Note that, the function fviz_cluster() uses different point symbols for core points (i.e, seed points) and border points. Black points correspond to outliers. You can play with eps and MinPts for changing cluster configurations.

It can be seen that DBSCAN performs better for these data sets and can identify the correct set of clusters compared to k-means algorithms.

The result of the fpc::dbscan() function can be displayed as follow:

print(db)
## dbscan Pts=1100 MinPts=5 eps=0.15
##         0   1   2   3  4  5
## border 31  24   1   5  7  1
## seed    0 386 404  99 92 50
## total  31 410 405 104 99 51

In the table above, column names are cluster number. Cluster 0 corresponds to outliers (black points in the DBSCAN plot). The function print.dbscan() shows a statistic of the number of points belonging to the clusters that are seeds and border points.
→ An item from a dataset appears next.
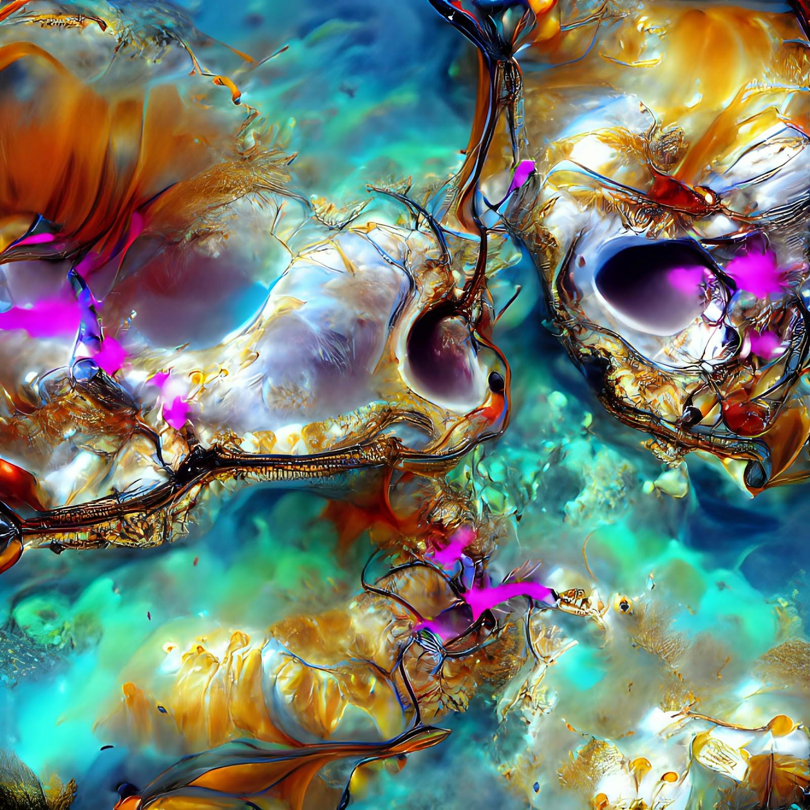 This piece came at a pivotal moment—halfway through Botto’s first year working with VQGAN + CLIP and minted just one week after the release of the diffusion-based modelDALL-E 2. Diffusion models became all the rage, and it seemed GANs were to be left behind, only to later regain their status as a distinct and celebrated aesthetic.

# Cluster membership. Noise/outlier observations are coded as 0
# A random subset is shown
db$cluster[sample(1:1089, 20)]
##  [1] 1 3 2 4 3 1 2 4 2 2 2 2 2 2 1 4 1 1 1 0

DBSCAN algorithm requires users to specify the optimal eps values and the parameter MinPts. In the R code above, we used eps = 0.15 and MinPts = 5. One limitation of DBSCAN is that it is sensitive to the choice of \(\epsilon\), in particular if clusters have different densities. If \(\epsilon\) is too small, sparser clusters will be defined as noise. If \(\epsilon\) is too large, denser clusters may be merged together. This implies that, if there are clusters with different local densities, then a single \(\epsilon\) value may not suffice.

A natural question is:

How to define the optimal value of ?

Method for determining the optimal eps value

The method proposed here consists of computing the k-nearest neighbor distances in a matrix of points.

The idea is to calculate, the average of the distances of every point to its k nearest neighbors. The value of k will be specified by the user and corresponds to MinPts.

Next, these k-distances are plotted in an ascending order. The aim is to determine the “knee”, which corresponds to the optimal eps parameter.

A knee corresponds to a threshold where a sharp change occurs along the k-distance curve.

The function kNNdistplot() [in dbscan package] can be used to draw the k-distance plot:

dbscan::kNNdistplot(df, k =  5)
abline(h = 0.15, lty = 2)

It can be seen that the optimal eps value is around a distance of 0.15.

Cluster predictions with DBSCAN algorithm

The function predict.dbscan(object, data, newdata) [in fpc package] can be used to predict the clusters for the points in newdata. For more details, read the documentation (?predict.dbscan).